*Requirement:*
From the material below, reproduce exactly the stretch of lines that begins with the line holding "Adorable, exquisite porcelain" and ends with the line holding "Montos otorgados clasificados", skipping the pictures.
************
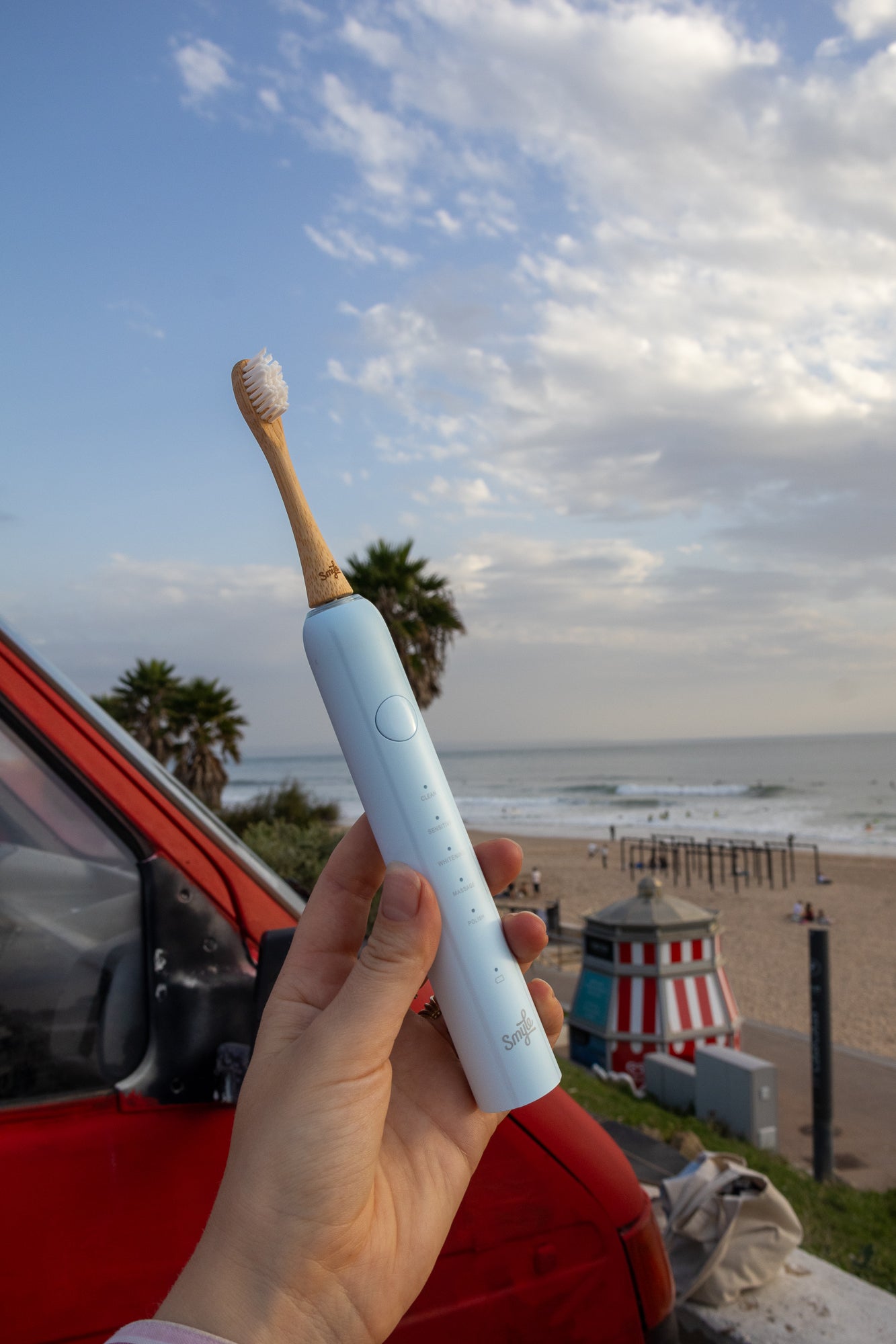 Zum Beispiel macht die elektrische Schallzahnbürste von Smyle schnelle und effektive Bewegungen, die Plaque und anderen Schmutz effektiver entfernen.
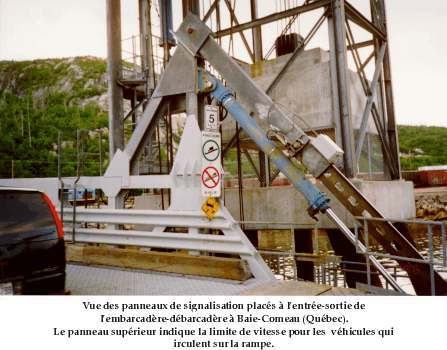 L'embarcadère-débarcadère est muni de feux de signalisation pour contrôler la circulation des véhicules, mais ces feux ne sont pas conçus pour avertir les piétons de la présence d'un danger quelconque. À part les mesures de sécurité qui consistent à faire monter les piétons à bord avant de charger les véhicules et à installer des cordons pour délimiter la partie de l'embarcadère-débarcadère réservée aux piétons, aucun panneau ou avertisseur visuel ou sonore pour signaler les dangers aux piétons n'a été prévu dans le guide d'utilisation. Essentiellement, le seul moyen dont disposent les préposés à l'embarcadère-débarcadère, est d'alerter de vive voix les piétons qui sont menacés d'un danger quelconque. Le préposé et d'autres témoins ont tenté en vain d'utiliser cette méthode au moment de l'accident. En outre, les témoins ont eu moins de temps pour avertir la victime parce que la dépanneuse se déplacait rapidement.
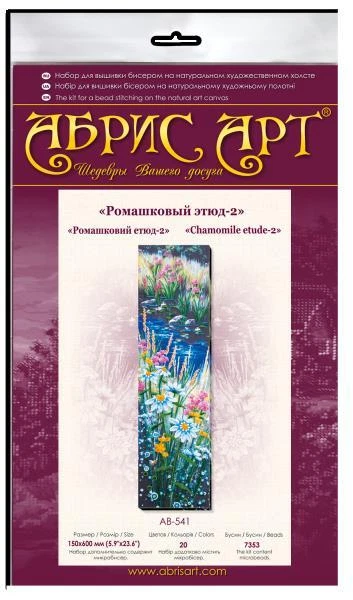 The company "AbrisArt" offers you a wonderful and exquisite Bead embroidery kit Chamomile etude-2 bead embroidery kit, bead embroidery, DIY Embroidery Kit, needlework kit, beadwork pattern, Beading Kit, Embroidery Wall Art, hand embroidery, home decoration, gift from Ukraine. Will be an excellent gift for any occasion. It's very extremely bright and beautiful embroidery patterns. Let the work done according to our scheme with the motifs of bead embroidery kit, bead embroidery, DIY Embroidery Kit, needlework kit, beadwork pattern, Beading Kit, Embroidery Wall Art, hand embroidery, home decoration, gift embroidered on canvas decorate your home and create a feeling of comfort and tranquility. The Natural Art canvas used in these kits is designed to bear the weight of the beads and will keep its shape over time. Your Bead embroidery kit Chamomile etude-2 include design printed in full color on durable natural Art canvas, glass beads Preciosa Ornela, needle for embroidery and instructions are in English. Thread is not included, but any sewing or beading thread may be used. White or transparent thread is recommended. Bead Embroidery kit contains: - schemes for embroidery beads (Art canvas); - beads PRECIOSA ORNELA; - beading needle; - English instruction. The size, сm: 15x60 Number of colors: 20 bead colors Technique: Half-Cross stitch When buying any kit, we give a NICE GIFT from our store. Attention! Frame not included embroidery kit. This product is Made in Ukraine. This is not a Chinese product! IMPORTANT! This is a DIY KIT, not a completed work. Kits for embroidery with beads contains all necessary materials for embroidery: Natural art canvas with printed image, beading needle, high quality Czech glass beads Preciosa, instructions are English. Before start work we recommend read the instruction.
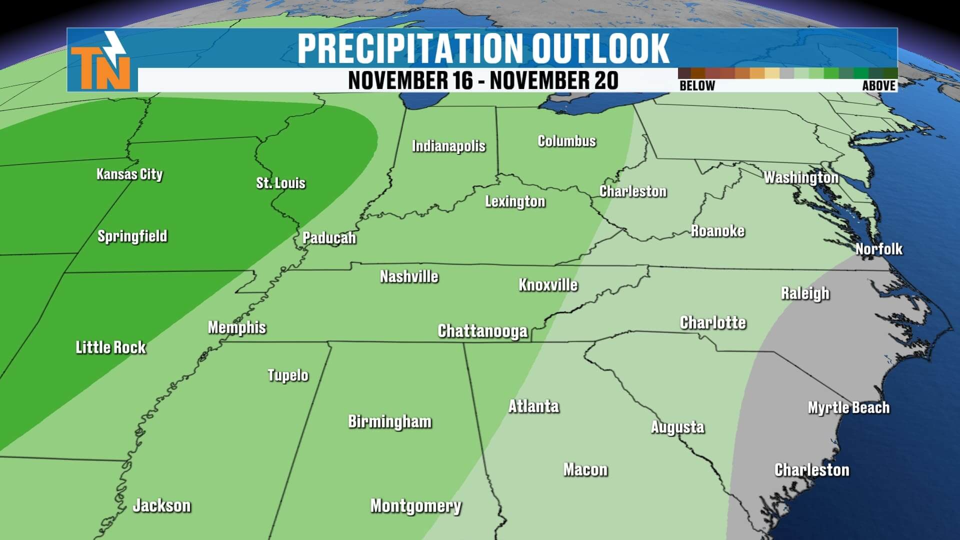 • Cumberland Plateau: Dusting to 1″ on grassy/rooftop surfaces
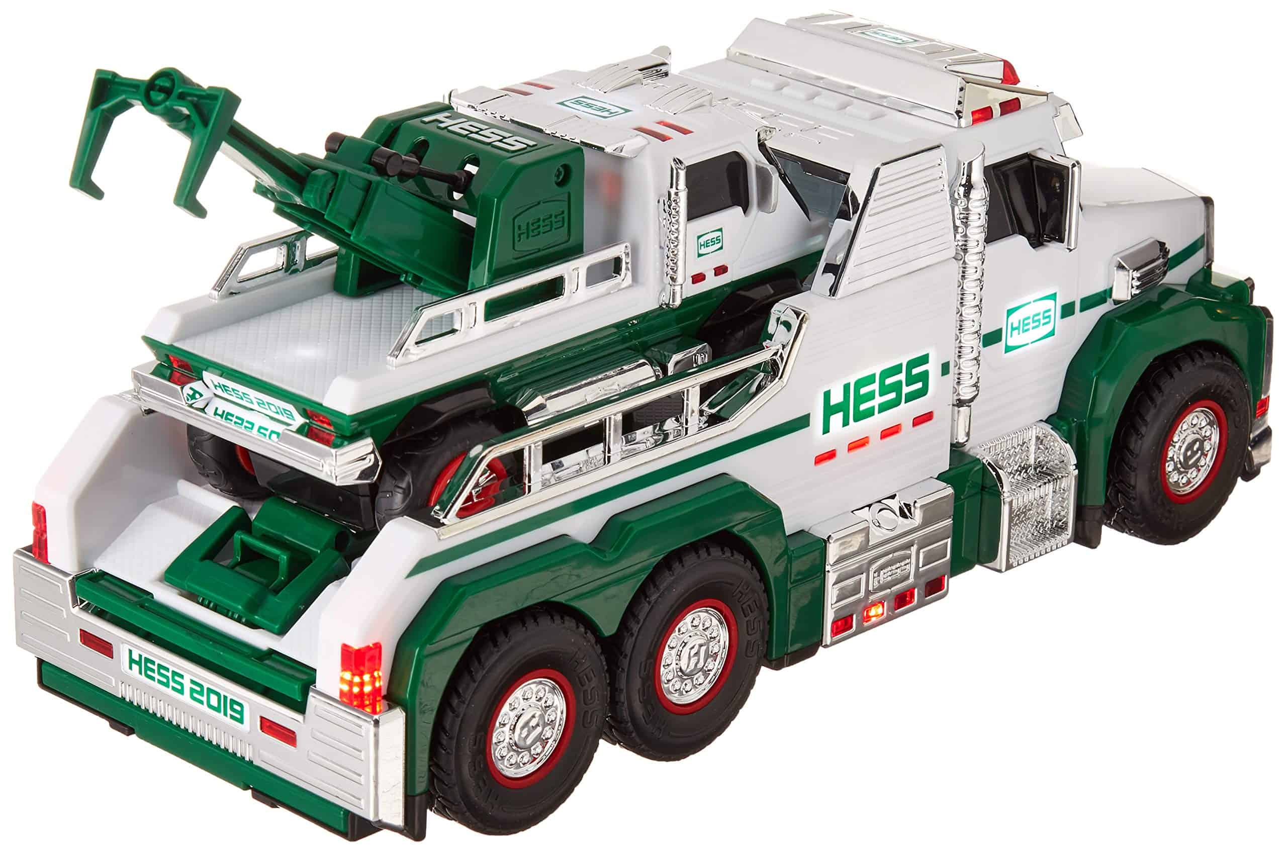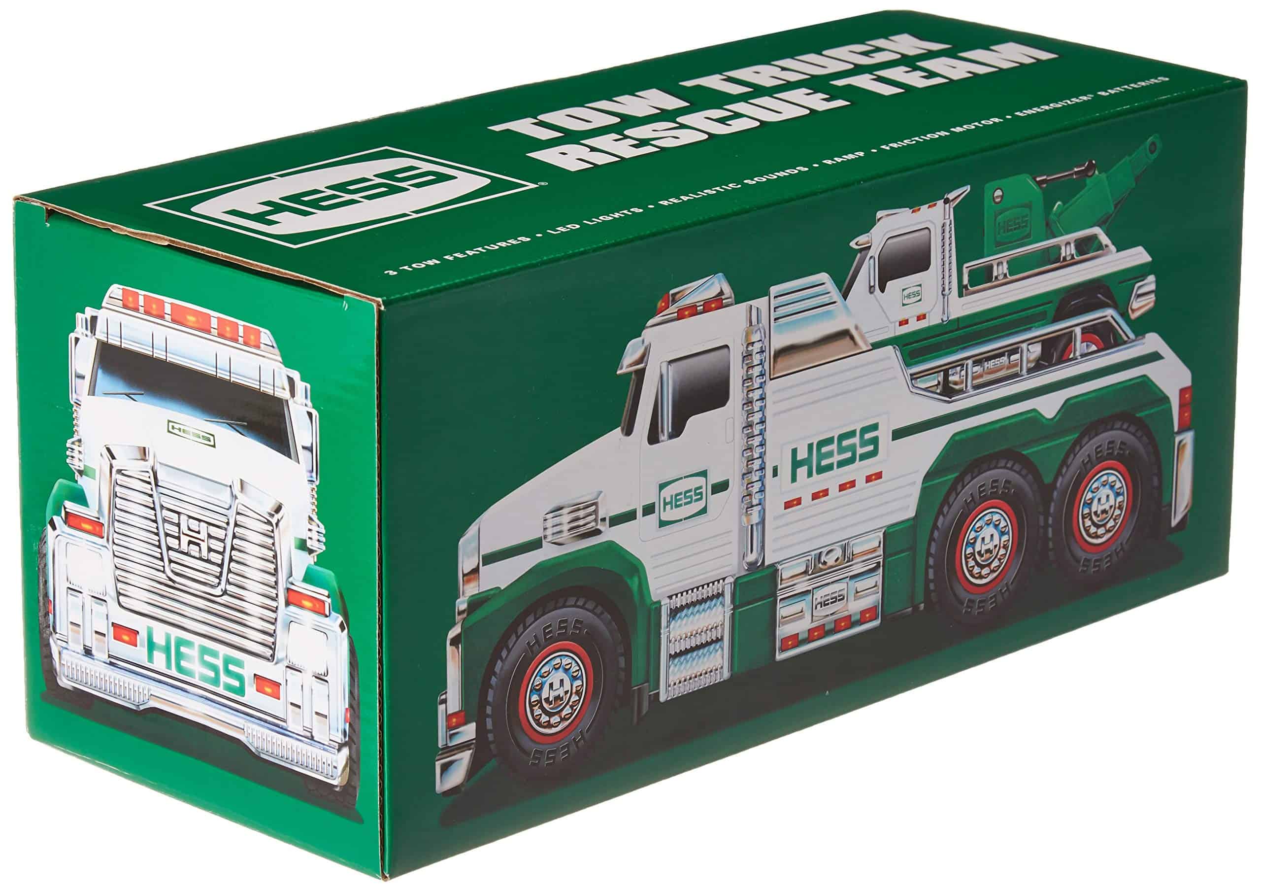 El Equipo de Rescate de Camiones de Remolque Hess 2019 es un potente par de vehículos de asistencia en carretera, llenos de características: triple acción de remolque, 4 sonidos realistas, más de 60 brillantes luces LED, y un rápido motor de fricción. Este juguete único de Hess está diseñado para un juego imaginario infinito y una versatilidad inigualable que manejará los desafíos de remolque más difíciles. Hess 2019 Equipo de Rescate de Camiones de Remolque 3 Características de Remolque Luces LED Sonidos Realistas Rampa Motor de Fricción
************
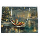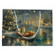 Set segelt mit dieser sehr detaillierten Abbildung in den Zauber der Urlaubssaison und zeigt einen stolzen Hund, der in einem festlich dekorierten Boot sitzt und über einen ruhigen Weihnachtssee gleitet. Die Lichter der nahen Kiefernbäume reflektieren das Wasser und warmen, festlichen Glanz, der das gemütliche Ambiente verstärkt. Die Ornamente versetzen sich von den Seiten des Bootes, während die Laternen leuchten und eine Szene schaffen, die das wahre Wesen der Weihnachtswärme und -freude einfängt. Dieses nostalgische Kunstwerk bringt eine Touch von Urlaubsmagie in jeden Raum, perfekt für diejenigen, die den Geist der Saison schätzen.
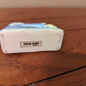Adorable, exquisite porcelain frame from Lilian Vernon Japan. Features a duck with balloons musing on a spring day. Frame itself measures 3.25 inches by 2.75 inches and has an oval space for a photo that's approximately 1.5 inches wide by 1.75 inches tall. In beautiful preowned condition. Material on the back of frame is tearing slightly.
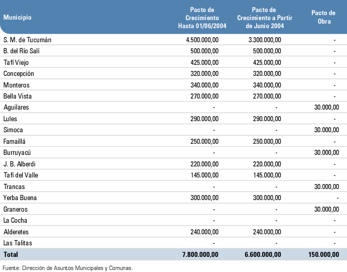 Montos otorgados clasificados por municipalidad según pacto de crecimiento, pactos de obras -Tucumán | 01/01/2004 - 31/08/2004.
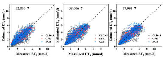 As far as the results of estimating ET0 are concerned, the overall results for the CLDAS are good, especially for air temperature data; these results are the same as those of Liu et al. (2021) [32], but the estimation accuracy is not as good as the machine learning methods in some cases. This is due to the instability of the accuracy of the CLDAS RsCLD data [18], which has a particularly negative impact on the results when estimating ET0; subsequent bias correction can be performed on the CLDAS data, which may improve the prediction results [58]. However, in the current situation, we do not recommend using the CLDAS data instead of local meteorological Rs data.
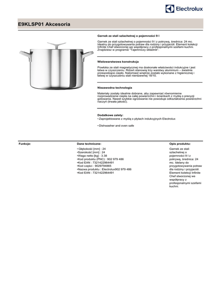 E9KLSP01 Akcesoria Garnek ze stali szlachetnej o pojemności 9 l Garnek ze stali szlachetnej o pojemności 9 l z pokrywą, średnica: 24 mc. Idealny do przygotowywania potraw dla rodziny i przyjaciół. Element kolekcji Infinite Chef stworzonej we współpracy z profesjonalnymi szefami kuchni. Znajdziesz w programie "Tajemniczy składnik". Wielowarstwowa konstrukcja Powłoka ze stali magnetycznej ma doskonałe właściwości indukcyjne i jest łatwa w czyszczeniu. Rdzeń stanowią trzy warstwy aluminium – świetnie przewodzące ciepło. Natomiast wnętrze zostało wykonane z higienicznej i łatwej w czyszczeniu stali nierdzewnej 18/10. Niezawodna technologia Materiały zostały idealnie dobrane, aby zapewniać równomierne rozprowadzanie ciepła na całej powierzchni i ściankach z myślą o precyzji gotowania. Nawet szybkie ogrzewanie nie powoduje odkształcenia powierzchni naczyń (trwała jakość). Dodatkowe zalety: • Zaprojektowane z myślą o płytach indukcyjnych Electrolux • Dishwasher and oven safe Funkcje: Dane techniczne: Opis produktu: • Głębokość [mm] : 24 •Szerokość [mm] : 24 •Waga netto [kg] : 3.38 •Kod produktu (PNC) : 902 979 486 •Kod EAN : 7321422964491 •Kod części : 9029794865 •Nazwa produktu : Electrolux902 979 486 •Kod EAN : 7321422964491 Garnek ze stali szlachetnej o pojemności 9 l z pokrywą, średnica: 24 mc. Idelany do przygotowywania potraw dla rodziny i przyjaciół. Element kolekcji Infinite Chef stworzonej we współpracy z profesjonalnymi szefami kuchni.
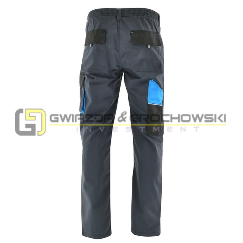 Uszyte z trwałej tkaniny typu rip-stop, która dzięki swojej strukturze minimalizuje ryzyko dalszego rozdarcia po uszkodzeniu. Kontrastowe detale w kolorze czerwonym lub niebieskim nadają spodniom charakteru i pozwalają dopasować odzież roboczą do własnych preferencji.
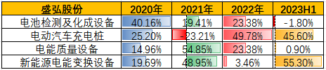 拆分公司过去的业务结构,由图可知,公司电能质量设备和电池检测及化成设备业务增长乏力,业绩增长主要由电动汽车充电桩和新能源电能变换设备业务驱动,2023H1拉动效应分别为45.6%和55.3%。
************
*Output:*
Adorable, exquisite porcelain frame from Lilian Vernon Japan. Features a duck with balloons musing on a spring day. Frame itself measures 3.25 inches by 2.75 inches and has an oval space for a photo that's approximately 1.5 inches wide by 1.75 inches tall. In beautiful preowned condition. Material on the back of frame is tearing slightly.
 Montos otorgados clasificados por municipalidad según pacto de crecimiento, pactos de obras -Tucumán | 01/01/2004 - 31/08/2004.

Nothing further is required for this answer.